What if we believed that there are no coincidences in life? That even you reading this post is no coincidence. Perhaps you are reading this guide because you’re totally fed up with where you are in your life or like most people, you have done everything you can to prepare for success and that breakthrough continues to evade you. Or you may have a nagging feeling that more potential for happiness and fulfillment is out there for you. Obviously you’re ready for change, I know like most, you probably don’t want your life to stay exactly the same, so that means change, right?
The results you get depend to a large part on where you are in terms of readiness and willingness to change, and although you may feel that you want to change, you may not be quite ready to do so. The truth is for most change means going beyond your fears, it means believing beyond any shadow of doubt that there will be a way. As my late colleague Kelly Murphy said “Everything you want from your dream life is on the other side of fear”

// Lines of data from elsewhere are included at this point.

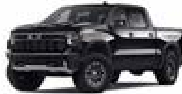
Black – GBA € 270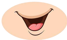
m o u th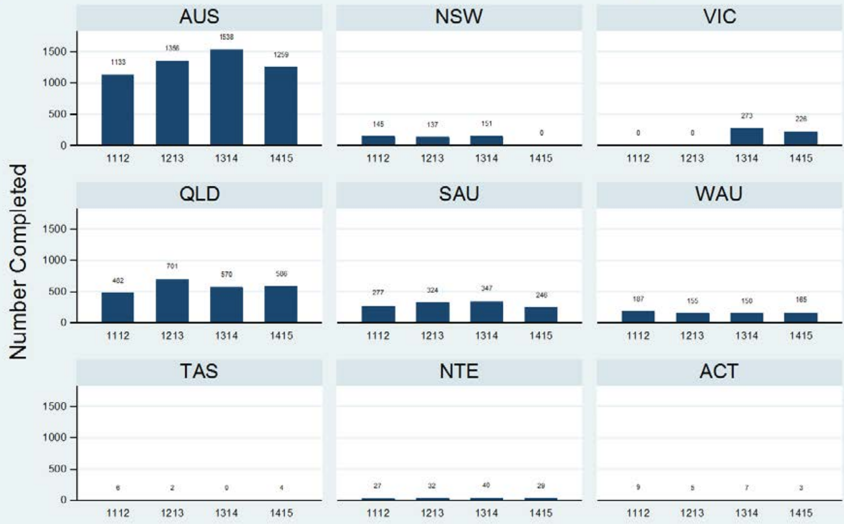
Figure 1.3.2.4.V: Child & Adolescent - Ambulatory - Review - SDQ-PC

Data Extract - 06 March 2016; Analysis & Reporting - 12 March 2016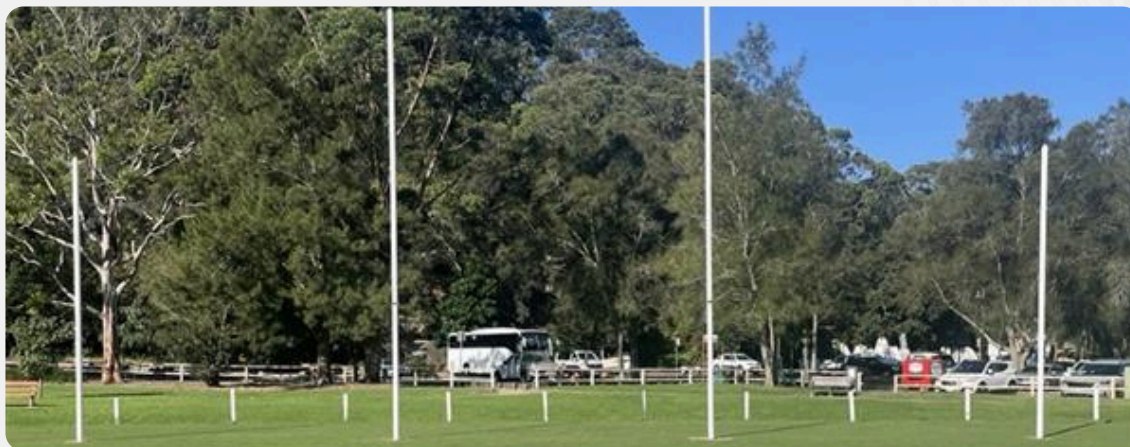
Tunks Park, North Sydney Council

Where existing fields have little or no AFL activity (including rectangle fields) posts enhance the field and make it more suited for AFL content. This is part of a wider plan to increase AFL content in the area.

Most New Year’s resolutions fail because the goals you set aren’t always linked into your state of readiness. Unless you’ve done the work to seriously consider your options, and prepared the ground for action, your laudable resolution to lose 20 pounds, or give up smoking, or find the man/woman of your dreams is likely to lose momentum well before the end of January. If that’s the case, nothing is wrong with you, because I believe with enough empowerment, education and encouragement you can create the life you desire and were meant to live. I truly believe when you know better you do better. When you know better you choose better. When you know better you become better. The DrStem Show is a show for and with everyday people faced with challenges of everyday living. It is a show designed to make a positive difference in people’s lives, young and old. The show is also an educational platform, which will feature life experts from all walks of life, authors, coaches, everyday people, interviews, self-improvement segments, and philanthropic forays into world events.
As we begin the holiday season I want to pay particular attention to the holidays, and caring for your mental health. The holiday season is a time full of joy, cheer, parties, and family gatherings. However, for many people, it is a time of self-evaluation, loneliness, reflection on past failures, and anxiety about an uncertain future, holiday blues that at times could lead to suicide or giving up.

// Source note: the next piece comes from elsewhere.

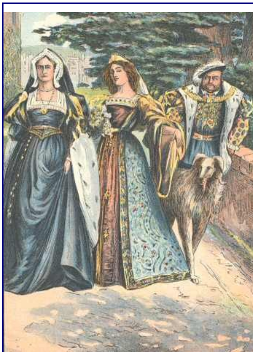
Illustration 3: Catherine was old, so he fell in love with Anne Boleyn

The King and the Cardinal were mightily indignant at this presumption; and the King (with the help of SIR THOMAS MORE, a wise man, whom he afterwards repaid by striking off his head) even wrote a book about it, with which the Pope was so well pleased that he gave the King the title of Defender of the Faith. The King and the Cardinal also issued flaming warnings to the people not to read Luther's

What Causes Holiday Blues?
Many factors can cause the “holiday blues”: stress, fatigue, unrealistic expectations, over-commercialization, financial constraints, and the inability to be with one’s family and friends. The demands of shopping, parties, family reunions, and house guests also contribute to feelings of tension. People who do not become depressed may develop other stress responses, such as: headaches, excessive drinking, over-eating, and difficulty sleeping. Even more people experience post-holiday let down after January first. This can result from disappointments during the preceding months compounded with the excess fatigue and stress.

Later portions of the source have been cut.